## Information provided
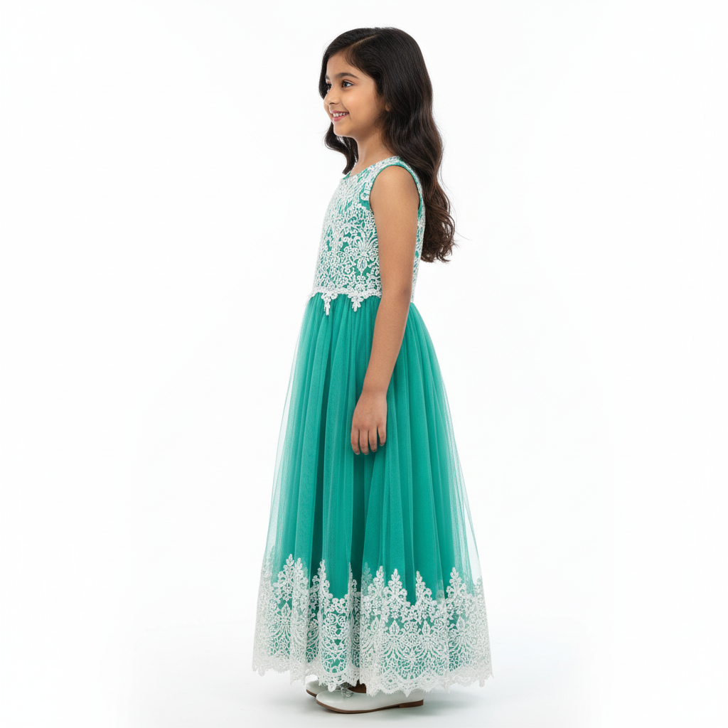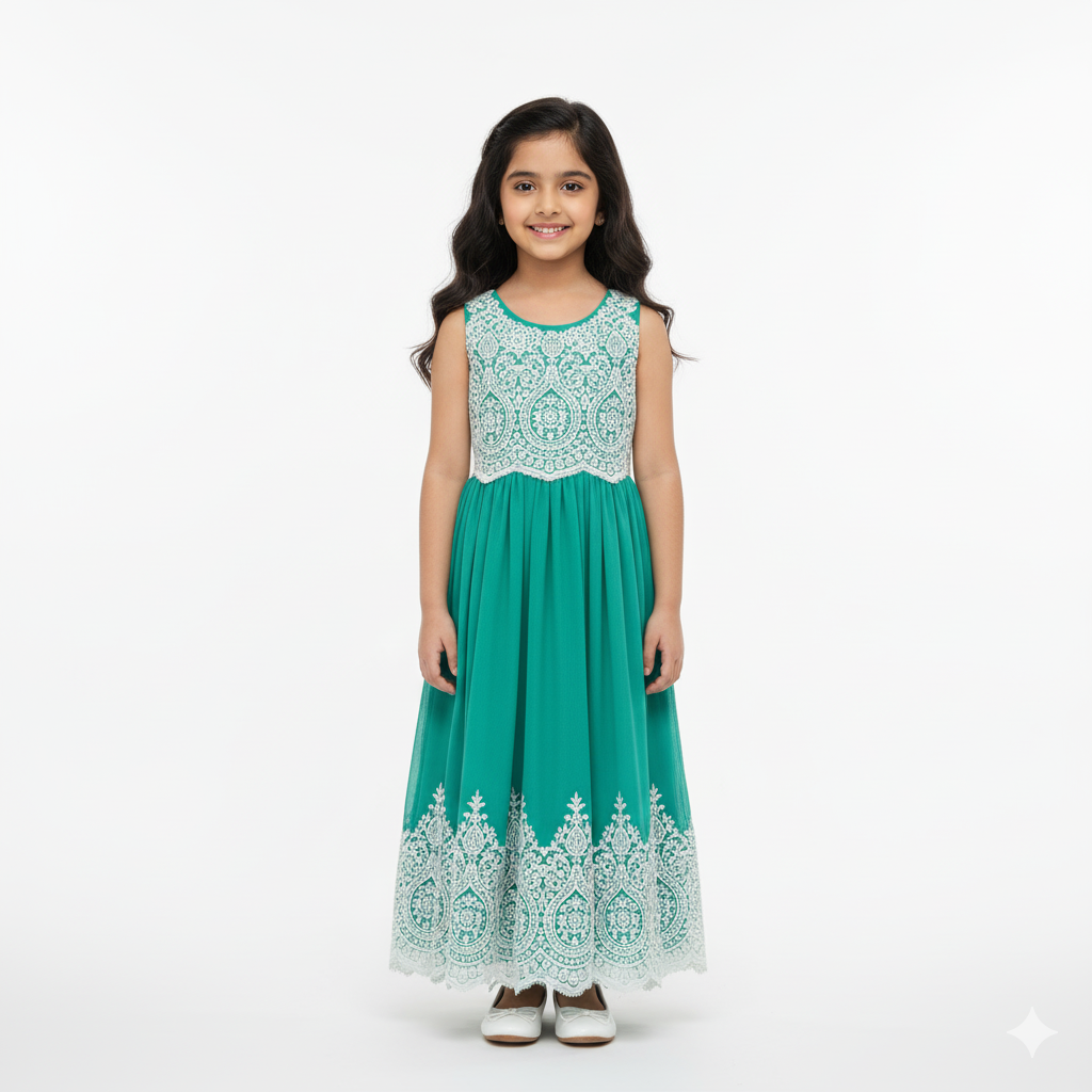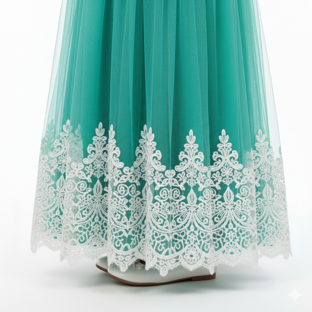 Cotton base (170 GSM) with premium French lace overlay in a lively Teal. Features back zip closure, soft inner cotton lining, and subtle sheen. Lace: Delicate lace pattern. Care: Dry clean or hand wash cold (25°C). Gently squeeze water out. Lay flat to dry. Do not wring. Perfect for weddings, special occasions, and formal events. Made in India.
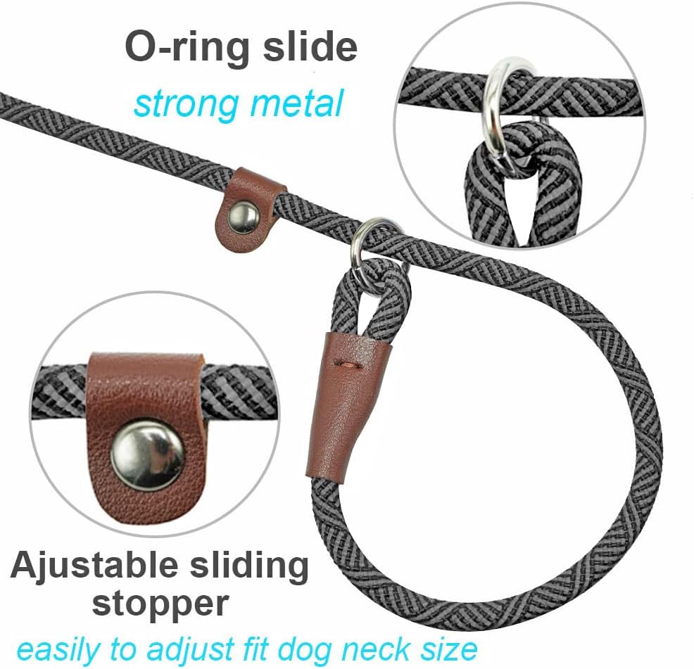 Slip Lead Dog Leash, 1/4″ x 5ft No Pull Slip-on Training Leash for Small and Medium Dogs (Black)
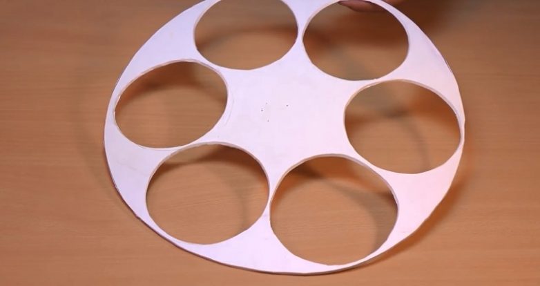 Нарисуй на получившейся основе шесть кружков поменьше — сюда будут крепиться бутылки. Следи, чтобы они были расположены симметрично.

## What you will do
Transcribe all of the listing precisely. The images stay out of it.

## Result
 Cotton base (170 GSM) with premium French lace overlay in a lively Teal. Features back zip closure, soft inner cotton lining, and subtle sheen. Lace: Delicate lace pattern. Care: Dry clean or hand wash cold (25°C). Gently squeeze water out. Lay flat to dry. Do not wring. Perfect for weddings, special occasions, and formal events. Made in India.
 Slip Lead Dog Leash, 1/4″ x 5ft No Pull Slip-on Training Leash for Small and Medium Dogs (Black)
 Нарисуй на получившейся основе шесть кружков поменьше — сюда будут крепиться бутылки. Следи, чтобы они были расположены симметрично.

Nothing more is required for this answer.